Dündar bey'in Mısır'da bulunan diğer oğlu Mübarizeddin İshak Bey, Demirtaş'ın Mısır'a kaçmasından sonra Eğridir’e dönüp oğlu Hızır Bey'den beyliğin idaresini almıştır. (1328 M.- 728 H.) Kardeşi Mehmed Çelebiye de Gölhisarı'nı vermiştir. Oğlu Hızır bey'e ise Uluborlu'nun idaresini bırakmıştır. Karamanoğlu'nun teşviki ile babasının kanını dava etmek için Mısır'a gitmiş, Memlûk sultanı Melik Nasır Muhammed'in huzurunda Demirtaş ile mahkeme olmuşlardır. İbn-i Battuta, İshak Bey'in babası hayatta iken Mısır'da bulunduğunu ve hacca gittiğini yazmaktadır. İbn-i Battuta Eğridir sultanı olarak ziyaret ettiği İshak Bey hakkında şunları söyler: "Mûmâ-ileyh evsâf-i hasene ile mütehallîdir. Cümle-i âdâtından olarak her gün ikindi namazında câmi'e gelür, ba'de edâi's-salât cidâr-i kıbleye istinad eyler. Huzûrunda huffâz, ahsabdan ma'mûl yüksek bir mastabaya (sedir) oturarak Sûre-i feth ve sûre-i mülk ve sûre-i Amme'yi öyle güzel ses ile tilavet ederler ki ervâh müteessir olarak kulûb tevazu ve istikâmet bulur ve ebdân lerzedâr ve uyûn eskbâr olur.

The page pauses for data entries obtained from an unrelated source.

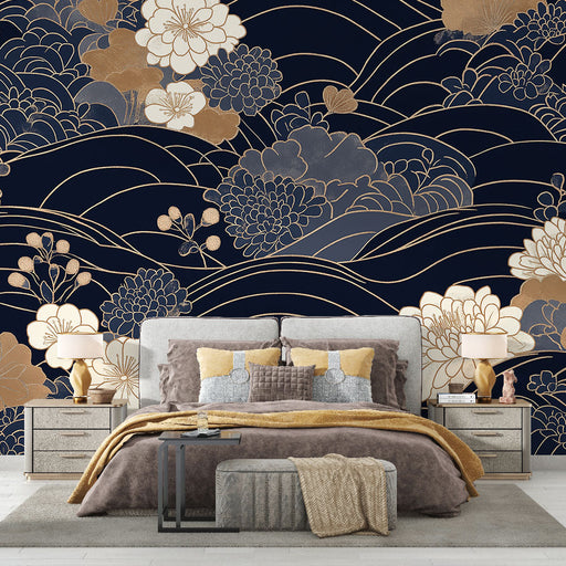WonderMuralThis elegant Mural Wallpaper features a refined Japanese floral pattern with light flowers on a navy background, creating a peaceful and sophistica...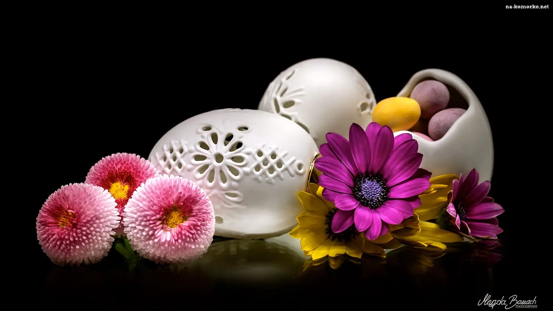 Kompozycja, Czarne, Ażurowe, Tło, Wielkanoc, Pisanki, Kwiaty, Stokrotki na Komórkę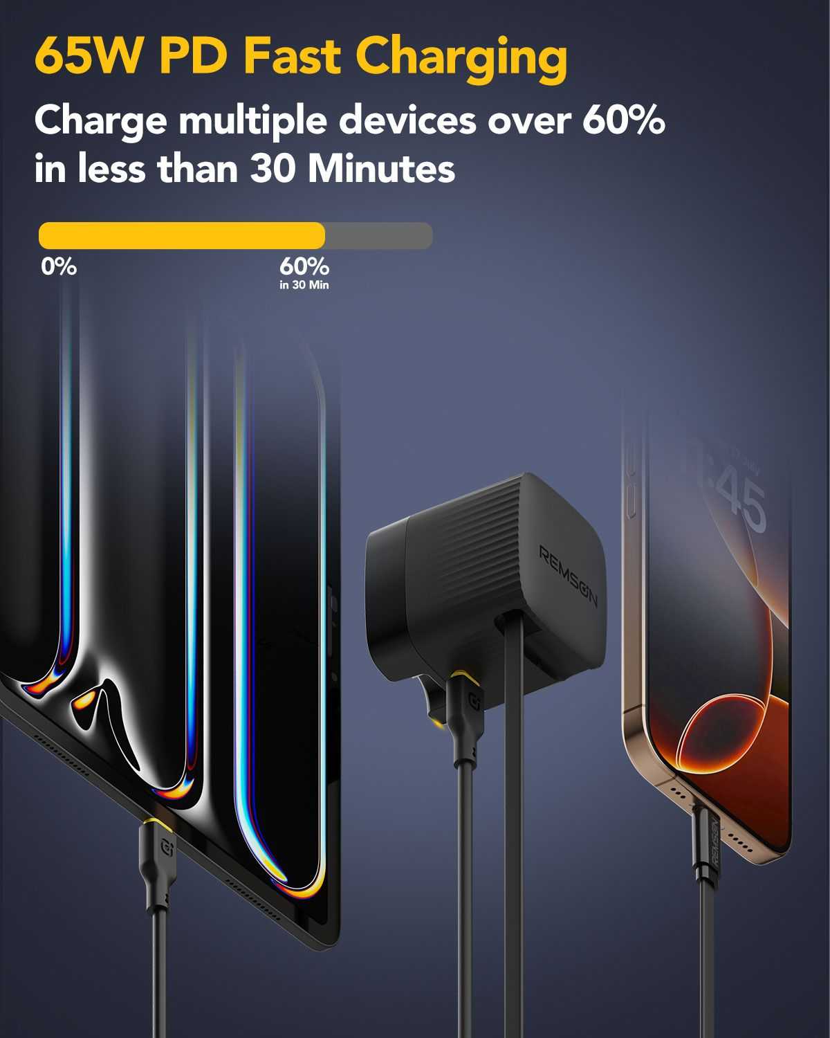 • شحن سريع 65 واط لجهازين: شغّل هاتفك الذكي أو جهازك اللوحي في آنٍ واحد باستخدام مقبس الشحن الحائطي القابل للسحب هذا، والذي يتميز بكابل قابل للسحب ومنفذ USB-C، مما يوفر شحنًا سريعًا يصل إلى 65 واط، ويشحن هاتفك بالكامل في أقل من 40 دقيقة، ويضمن شحن أجهزتك بكفاءة وثبات.

Ba'dehû Sultan ikametgahına avdet eyler", İbn-i Battuta 733 H.yılının Ramazan ayını Eğridir'de sultanın yanında geçirmiş ve fakih Muslihiddin ile görüşmüştür. İshak Bey'in Eğridir'de sultan olduğu sırada kardeşi Mehmed Çelebi de Gölhisarı'nda sultan idi. İshak Bey'in 1344'den (745 H.) önce vuku bulan ölümünden sonra yerine kardeşi ve Gölhisar beyi Mehmed Çelebi'nin oğlu Muzafferüddin Mustafa Bey geçti. Onun ölümünden sonra da yerine Hüsameddin İlyas, Bey oldu(1357 M.- 758 H.).
Hüsameddin İlyas Bey komşu Karamanoğulları ile pek geçinememiş Karamanoğlu Alaaddin Bey'e yenilerek topraklarını kaybetmiştir. Bunun üzerine Germiyanoğlu Süleymanşah'a sığınan İlyas Bey onun yardımıyla topraklarını geri aldıysa da Karamanoğulları topraklarına saldırmaktan vazgeçmediği için hayatının geri kalan kısmını da üzüntü ve endişe içinde geçirdi. İlyas Bey kesin olmamakla beraber 1374'ten önce ölmüş (776 H.) ve yerine oğlu Kemaleddin Hüseyin Bey geçmiştir.